## [Aim of the task]
Copy exactly the lines of the material below that fall between the line with "Іноді прояв сильних" and the line with "モチーフと支持体が瞬く間に入", both of those lines included; pictures stay out.

## [Data to use]

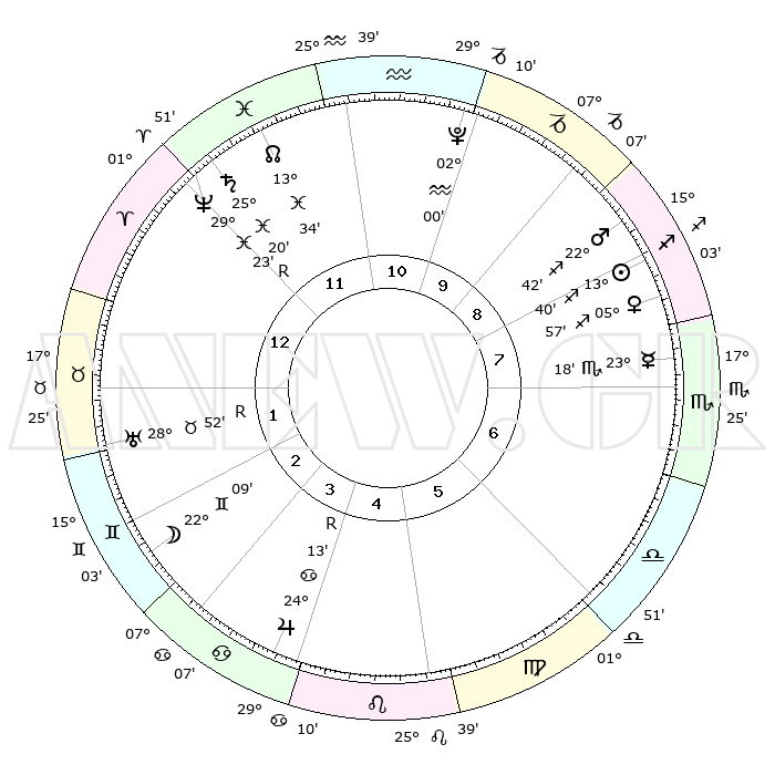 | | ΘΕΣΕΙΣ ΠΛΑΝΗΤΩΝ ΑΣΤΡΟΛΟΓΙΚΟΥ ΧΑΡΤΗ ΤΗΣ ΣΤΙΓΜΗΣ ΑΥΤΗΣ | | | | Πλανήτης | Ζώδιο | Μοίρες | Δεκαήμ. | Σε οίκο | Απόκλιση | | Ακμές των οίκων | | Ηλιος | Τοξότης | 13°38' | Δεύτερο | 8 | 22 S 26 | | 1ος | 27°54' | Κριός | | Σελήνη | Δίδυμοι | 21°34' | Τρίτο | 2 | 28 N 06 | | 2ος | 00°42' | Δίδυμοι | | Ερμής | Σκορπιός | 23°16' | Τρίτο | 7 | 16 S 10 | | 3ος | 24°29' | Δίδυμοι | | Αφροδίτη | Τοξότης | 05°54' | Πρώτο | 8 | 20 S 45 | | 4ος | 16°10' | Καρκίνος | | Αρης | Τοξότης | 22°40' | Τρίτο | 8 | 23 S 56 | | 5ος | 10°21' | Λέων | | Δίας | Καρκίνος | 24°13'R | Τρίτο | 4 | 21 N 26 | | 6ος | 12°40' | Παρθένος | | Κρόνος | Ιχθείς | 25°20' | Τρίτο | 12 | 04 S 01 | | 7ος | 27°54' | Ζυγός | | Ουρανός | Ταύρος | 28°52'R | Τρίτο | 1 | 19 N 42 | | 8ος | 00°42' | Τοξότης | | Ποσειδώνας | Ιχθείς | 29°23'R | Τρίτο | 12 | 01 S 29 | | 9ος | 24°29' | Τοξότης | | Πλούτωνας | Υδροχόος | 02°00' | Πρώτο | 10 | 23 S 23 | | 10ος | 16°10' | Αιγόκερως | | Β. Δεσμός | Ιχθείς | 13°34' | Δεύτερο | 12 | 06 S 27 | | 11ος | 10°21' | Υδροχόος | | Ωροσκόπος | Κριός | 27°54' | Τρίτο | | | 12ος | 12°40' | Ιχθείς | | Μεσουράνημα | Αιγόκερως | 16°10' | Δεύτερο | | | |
--
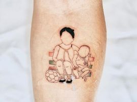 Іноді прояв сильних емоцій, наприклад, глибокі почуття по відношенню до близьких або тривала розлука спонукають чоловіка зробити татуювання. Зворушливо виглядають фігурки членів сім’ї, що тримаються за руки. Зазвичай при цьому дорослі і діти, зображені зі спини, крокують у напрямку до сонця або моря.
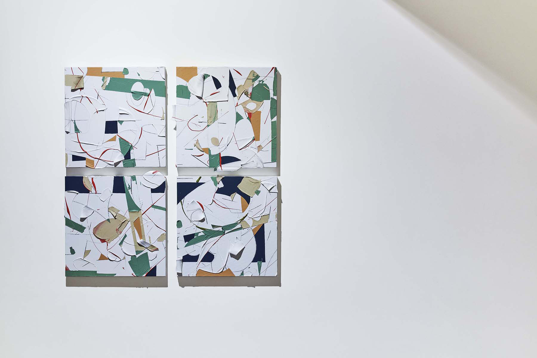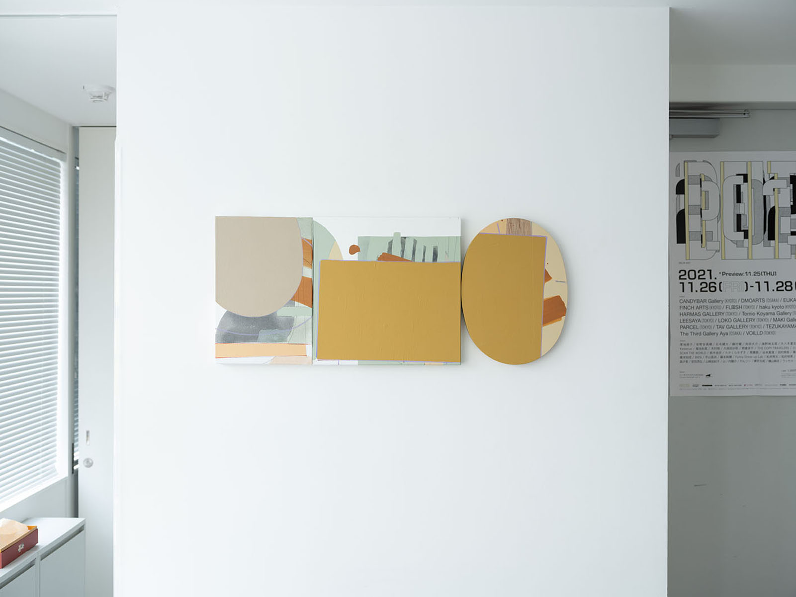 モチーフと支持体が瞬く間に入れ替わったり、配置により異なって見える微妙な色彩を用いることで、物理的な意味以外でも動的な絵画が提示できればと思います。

## [Expected output]
 Іноді прояв сильних емоцій, наприклад, глибокі почуття по відношенню до близьких або тривала розлука спонукають чоловіка зробити татуювання. Зворушливо виглядають фігурки членів сім’ї, що тримаються за руки. Зазвичай при цьому дорослі і діти, зображені зі спини, крокують у напрямку до сонця або моря.
 モチーフと支持体が瞬く間に入れ替わったり、配置により異なって見える微妙な色彩を用いることで、物理的な意味以外でも動的な絵画が提示できればと思います。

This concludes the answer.